ARIMA <- arima(data, order = c(1, 0, 1), list(order = c(12,0, 12), period = 1)) #Just a fake ARIMA in this case...
plot(forecast(ARIMA, h=24)) #but my question is how to get a forecast plot according to the none log AirPassenger data
So the image is logged. I want to have the same ARIMA modell but witht the none loged data.
It is not necessary to use the hack proposed by #ndoogan. forecast.Arima has built-in facilities for undoing transformations. The following code will do what is required:
fc <- forecast(ARIMA, h=24, lambda=0)
Better still, build the transformation into the model itself:
ARIMA <- Arima(data, order=c(1,0,1), list(order=c(1,0,1),period=12)), lambda=0)
fc <- forecast(ARIMA, h=24)
Note that you need to use the Arima function from the forecast package to do this, not the arima function from the stats package.
#Hemmo is correct that this back-transformation will not give the mean of the forecast distribution, and so is not the optimal MSE forecast. However, it will give the median of the forecast distribution, and so will give the optimal MAE forecast.
Finally, the fake model used by #Swiss12000 makes little sense as the seasonal part has frequency 1, and so is confounded with the non-seasonal part. I think you probably meant the model I've used in the code above.

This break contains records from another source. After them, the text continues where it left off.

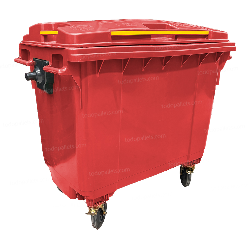 Contenedor de plástico de 1100 litros en color rojo, fabricado en HDPE moldeado por inyección de alta presión. Cuenta con cuatro ruedas de caucho sólido, dos de las cuales están equipadas con frenos para un manejo seguro. Su estructura reforzada permite la recolección mecanizada, y su material resistente a cambios de temperatura y productos químicos asegura una durabilidad prolongada.
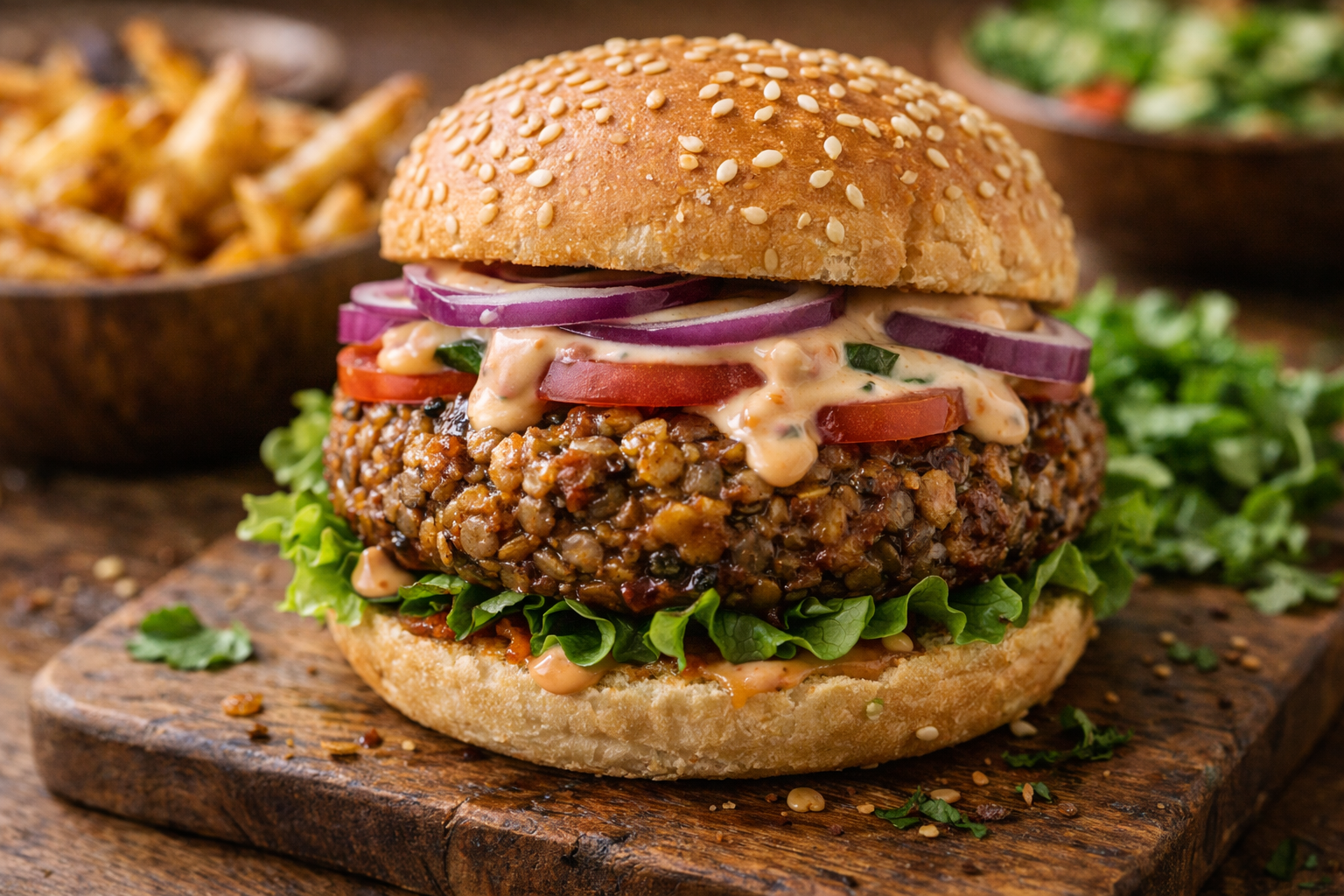 Les lentilles apportent la texture, les protéines et la tenue, sans le prix ni la lourdeur du bœuf. Que tu le serves dans un pain classique, en version végé deluxe ou simplement en galette avec une salade, ce burger prouve qu’on peut se faire plaisir sans se ruiner. Bonus non négligeable : ton portefeuille et la planète respirent en même temps.
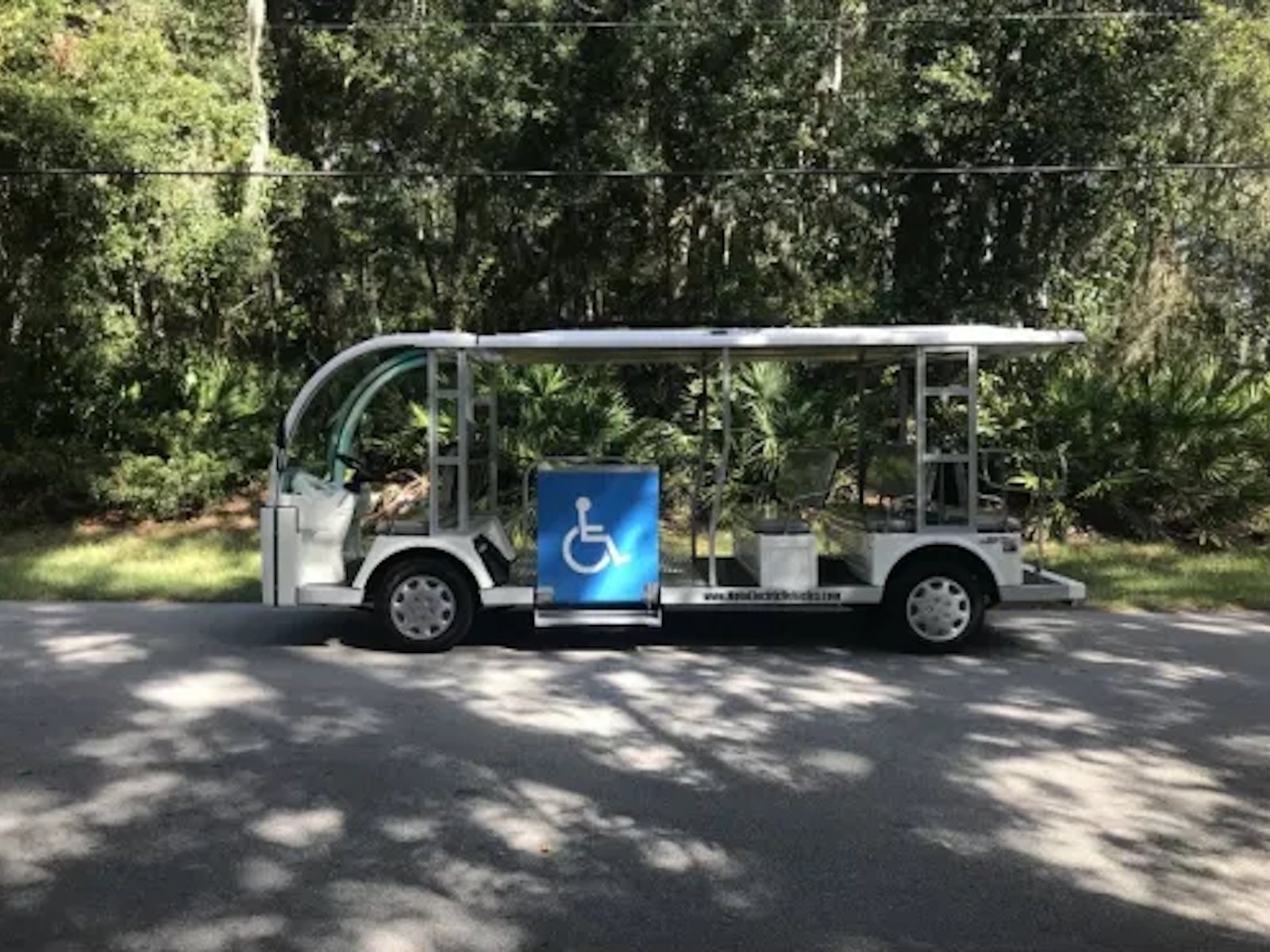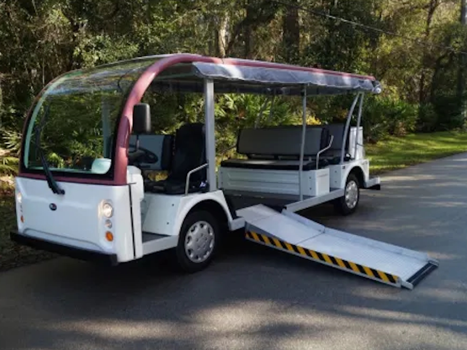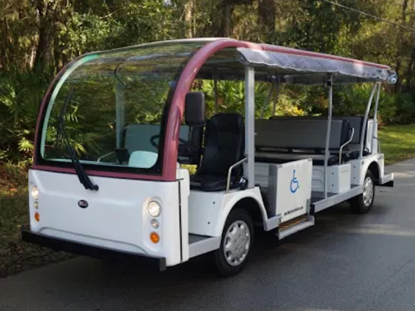 Our vehicles cost about one penny per mile traveled if you charge your vehicle overnight, when electric power is at its cheapest! Our built in on board chargers not only keep our batteries ready to go but contain a microprocessor so they will never overcharge. Once a full charge is detected, they simply turn themselves off! You will be able to "opportunity charge" your vehicle at anytime while on a break, shopping or simply at lunch because your charger will be contained right on the vehicle. This wheelchair accessible shuttle bus is perfect for any shuttle application that requires use of a vehicle at speeds of 25 miles per hour or less in a clean, quiet, smooth “classy” environmentally friendly setting.
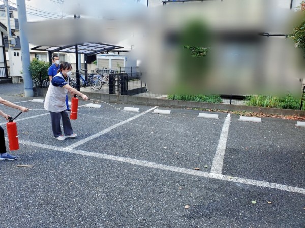 本来ならば地域の方々にもお声をおかけし、一緒に訓練に参加していただいているのですが、現在の状況を踏まえ、消防署の職員さんにのみご参加をお願いしました。
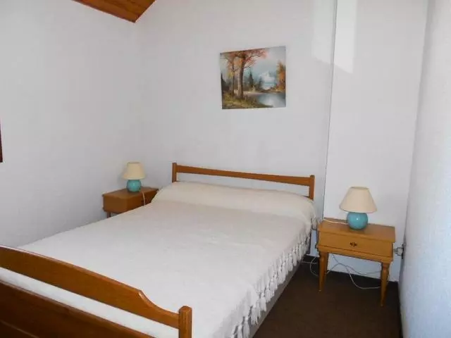 On the 1st floor without elevator, of a small residence in the thermal baths district, apartment for 6 people in duplex with a living room with a sofa bed for 2 people, a TV, kitchenette equipped with LV, opening onto a south-facing balcony. Bathroom and separate toilet, gerflex floor. Upstairs, 1 attic bedroom with 1 bed in 140 and skylight. An attic bedroom with 1 bed in 120, 2 bunk beds and skylight. Carpeted floor. Traditional pine furniture. Approx. 40 M2. Living room 15 M2 approx. Parking space and ski locker.
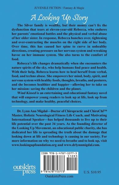 The Silver family is wealthy, but their money can't fix the dysfunction that tears at eleven-year-old Rebecca, who endures her parents' emotional battles and the physical and verbal abuse of her older sister. In response, Rebecca hunches over, tightening and over-contracting the muscles on the right side of her body. Over time, this has caused her spine to curve in unhealthy directions, creating pressure on her nervous system and wreaking havoc on her immune system. She also turns to the comfort of food. Rebecca's life changes dramatically when she encounters the nature spirits of the sky, who help humans find peace and health. With their help, Rebecca learns how to heal herself from verbal, food, and techno abuse. She empowers her mind, body, spirit, and nervous system with healthy foods, thoughts, breaths, and postures, and she becomes healthier and happier-allowing her to take on her mission: saving the children and the planet. Wind Kissed is an entertaining and educational fantasy novel that will empower young readers to look up at life, look up from technology, and make healthy, peaceful choices.
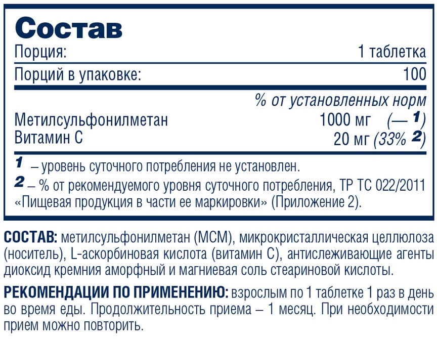 - Тип: MSM (метилсульфонилметан)
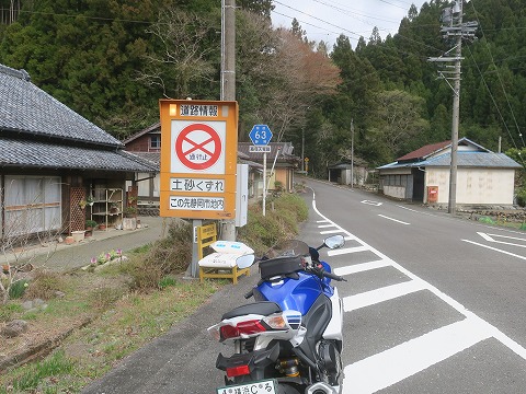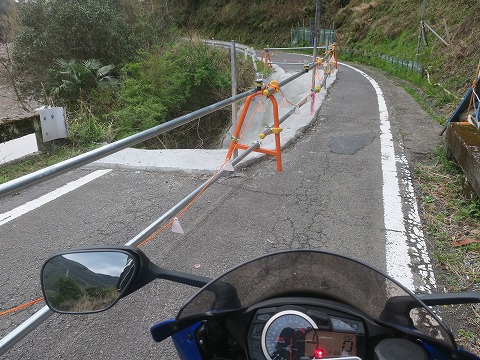 16:04 通行できます 通り抜けられない箇所までやってきました。 確かにこれじゃクルマ(四輪車)は通れないや。 でも、バイクは通れるね。 ちゃんとこれ以上崩れないように補修もしてあるし。 ちょっと狭くて恐いけど、先に進みます。 |
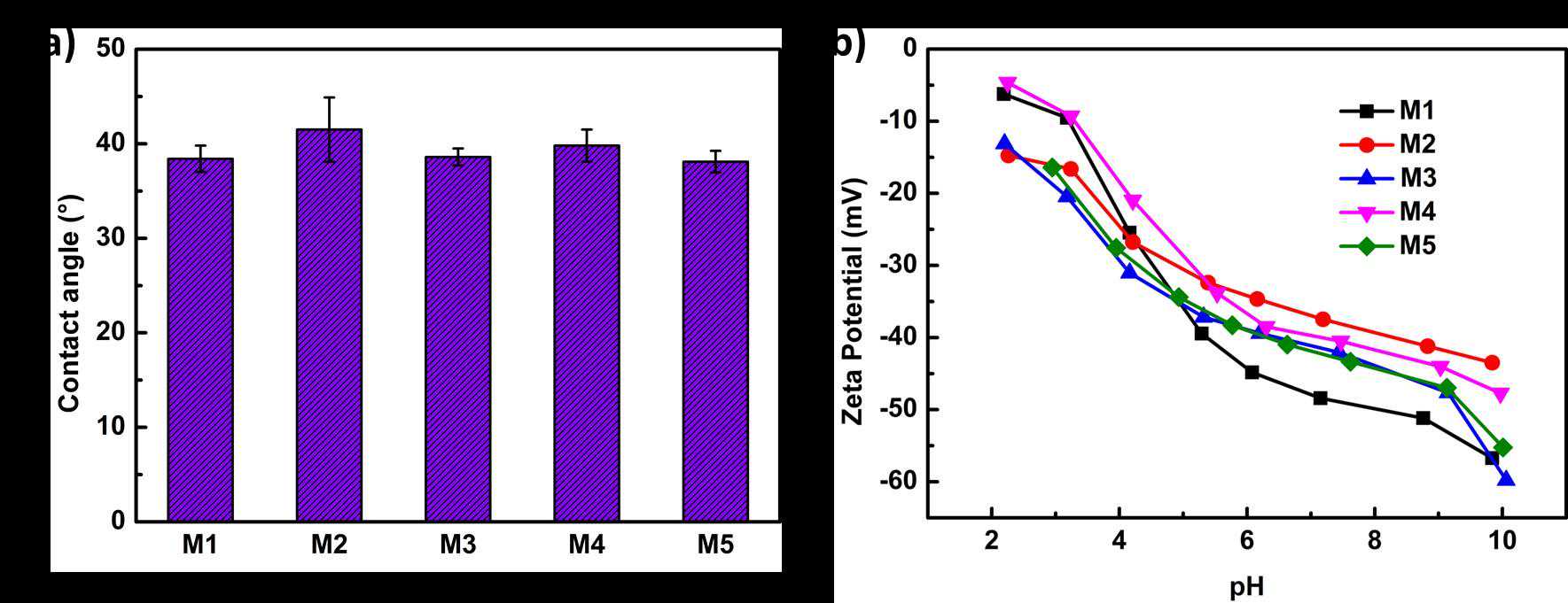 图11.制备的膜在不同pH值下的水接触角(a)和Zeta电位(b)。
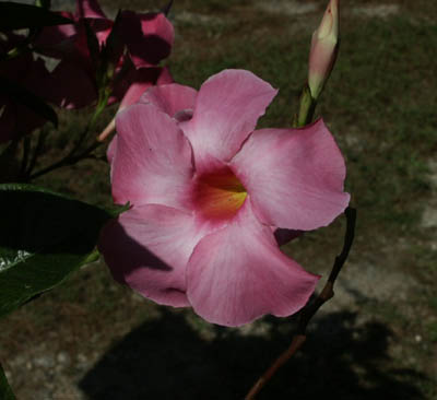 Dipladenia is really part of the mandevilla clan: Mandevilla sanderii. It has very little vining habit – more like a spreading bush. It has pinkish flowers but it won’t cover your mailbox like a common mandevilla vine, Mandevilla splendens, or allamanda will.
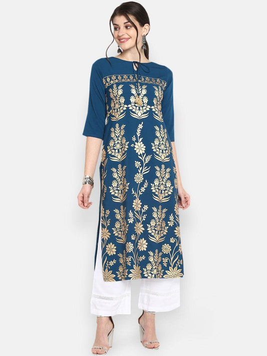 Teal Blue Poly Crepe Gold Print Straight Kurta
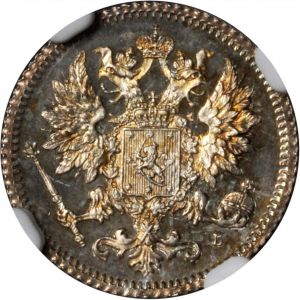 This specimen was lot 2359 in Stack's Bowers NYINC sale (New York, January 2017), where it sold for $1,292.50. The catalog description[1] noted, "FINLAND. 25 Pennia, 1890. NGC PROOF-67. Razor sharp with bold rims and devices. Incredibly brilliant hard mirror fields beam luster through the light golden orange toning which clings around the eagle and among its feathers. RARE and of such high grade it must surely be among the finest available. The only example graded by NGC or PCGS." This type is listed for 1872-76, 1889-99, 1907-17 and was struck for Finland by the czarist administration. Russian defeats in World War One enabled the Finns, who had long chafed under Russian rule, to declare independence.
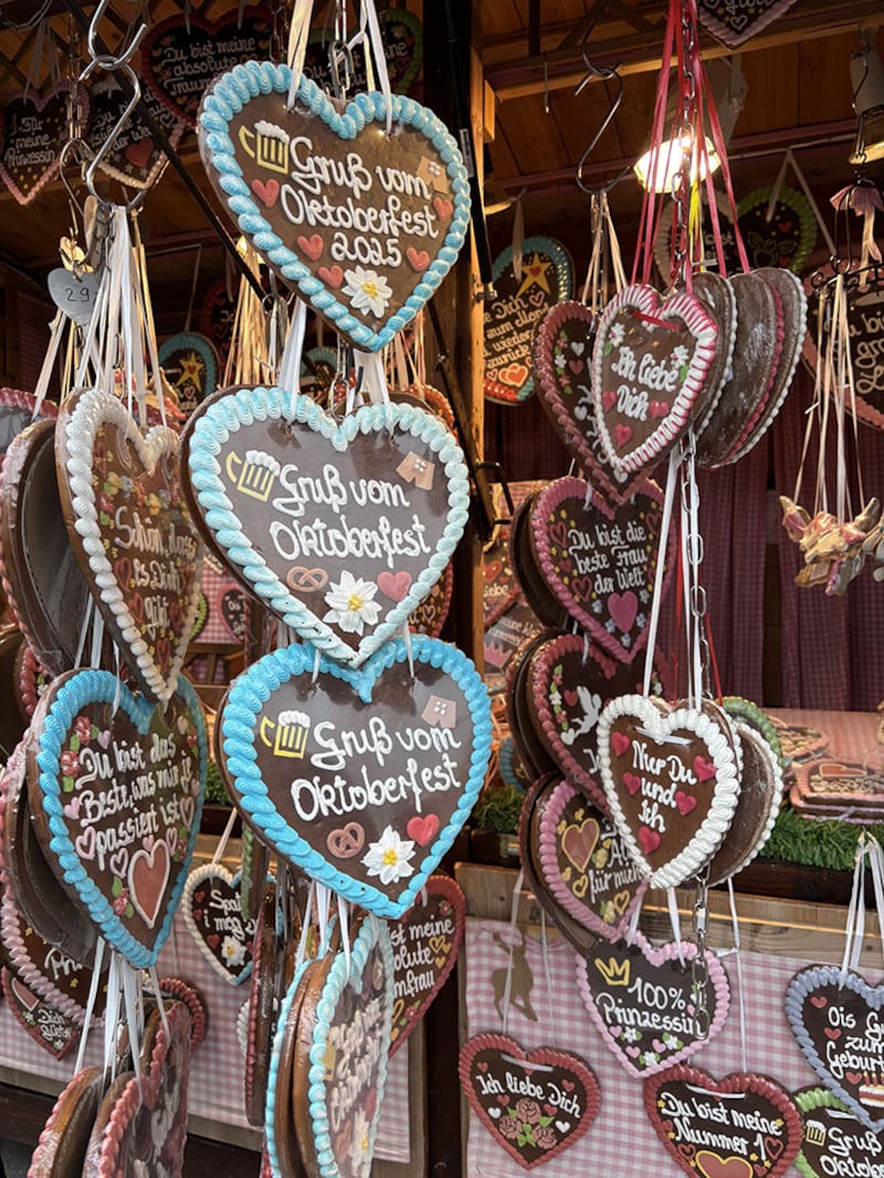 Au cœur des allées animées, notre duo s’essaie à des jeux d’adresse comme la carabine à plomb, une activité typiquement présente dans les foires bavaroises. Any et Deymien ont tous deux remporté un prix! Wow! Entre deux parties, difficile de résister à l’appel des collations typiques: bretzels sucrés, pommes d’amour, crêpes épaisses et les célèbres lebkuchenherzen, ces cœurs en pain d’épices décorés de messages tendres. Pas toujours facile de comprendre la signification des messages sur les biscuits en cœur, mais qu’à cela ne tienne, Deymien en offrira un à Any!

The problem with #ndoogan's answer is that logarithm is not a linear transformation. Which means that E[exp(y)] != exp(E[y]). Jensen's inequality gives actually that E[exp(y)] >= exp(E[y]). Here's a simple demonstration:
set.seed(1)
x<-rnorm(1000)
mean(exp(x))
[1] 1.685356
exp(mean(x))
[1] 0.9884194
Here's a case concerning the prediction:
# Simulate AR(1) process
set.seed(1)
y<-10+arima.sim(model=list(ar=0.9),n=100)
# Fit on logarithmic scale
fit<-arima(log(y),c(1,0,0))
#Simulate one step ahead
set.seed(123)
y_101_log <- fit$coef[2]*(1-fit$coef[1]) +
fit$coef[1]*log(y[100]) + rnorm(n=1000,sd=sqrt(fit$sigma2))
y_101<-exp(y_101_log) #transform to natural scale
exp(mean(y_101_log)) # This is exp(E(log(y_101)))
[1] 5.86717 # Same as exp(predict(fit,n.ahead=1)$pred)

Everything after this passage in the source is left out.